= Ballarat Showgrounds =

The old Ballarat Showgrounds (officially Ballarat Showgrounds and Recreation Reserve) was a multi-purpose venue in Wendouree, a suburb of Ballarat, Victoria, Australia, owned by the City of Ballarat from 1934 to 2024 and was the venue for the annual Ballarat Agricultural and Pastoral Society (BAPS) Show (an official public holiday in Ballarat).

The focus of the Ballarat Show is the display of rural industry, including livestock and produce, with associated competitions and awards. The show also features amusement rides, a sideshow alley and showbags, which are carry-bags full of novelties and sweet-treats produced by various commercial enterprises.

The facilities were used all year round for Trash and Treasure market (since 1979) as well as occasional collectors markets, show and shine displays and other events.

In 2013-2014, the City of Ballarat initially proposed to redevelop the showgrounds, and in 2015 the council and agricultural society further proposed relocation of the showgrounds to Victoria Park in Newington.

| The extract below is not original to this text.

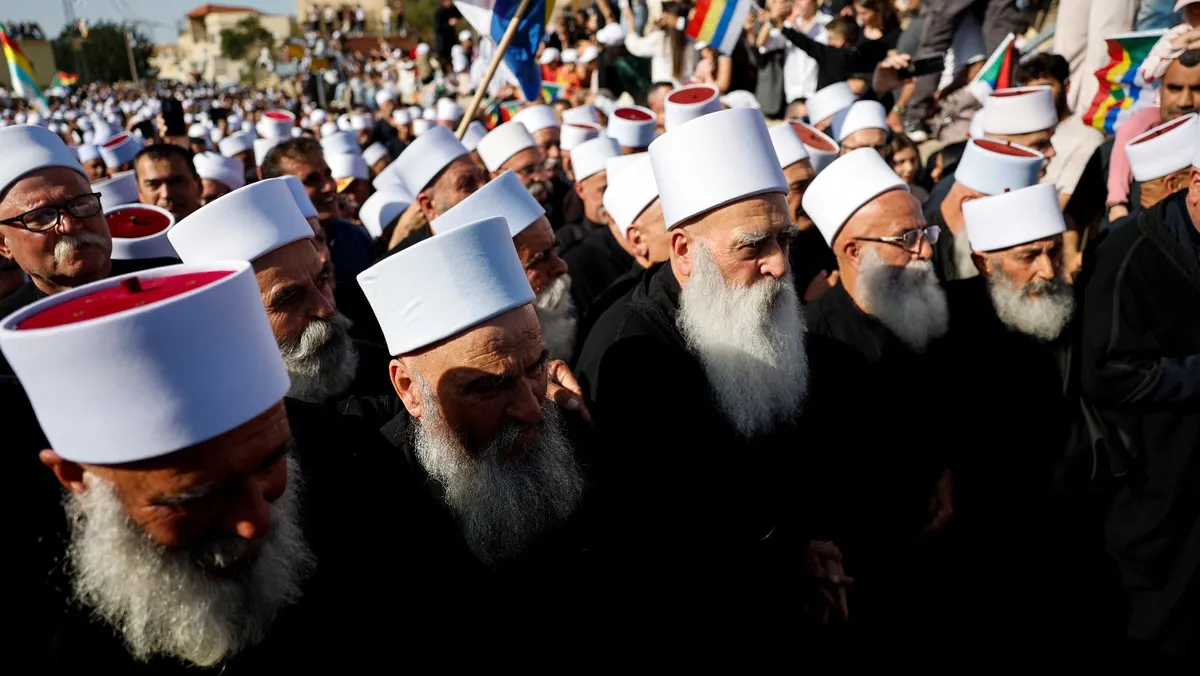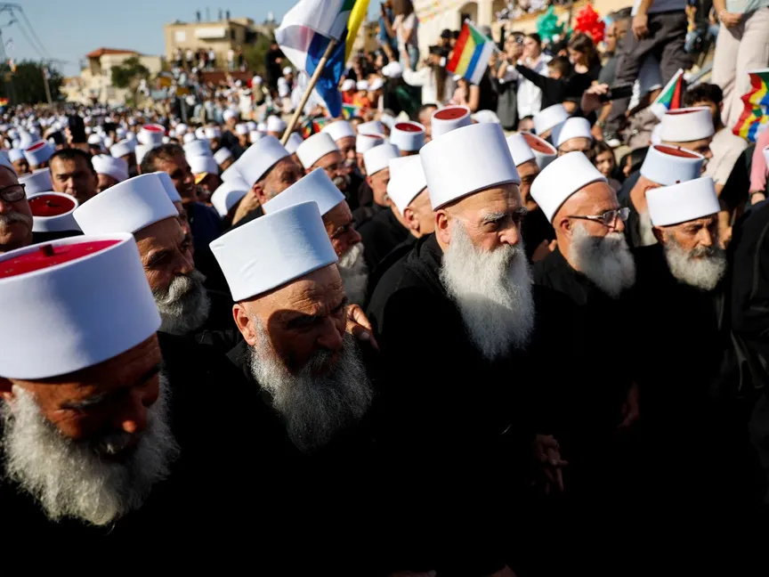 الزعيم الروحي للطائفة الدرزية في إسرائيل الشيخ موفق طريف رفقة شيوخ دروز من سوريا في مقام النبي شعيب شمال إسرائيل- في 14 مارس 2025 - Reuters

During the state election of 2014, the Andrews Government committed $5.5 million (AUD) toward the development of the showgrounds. In 2017 the Agricultural Society in consultation with the Ballarat Council agreed that the existing showgrounds should be sold for redevelopment and proceeds from the sale of the existing land coupled with monies committed from the state government would be used to develop a modern, larger exhibition facility at a greenfield site at Mount Rowan 4 km north of the existing site by 2025.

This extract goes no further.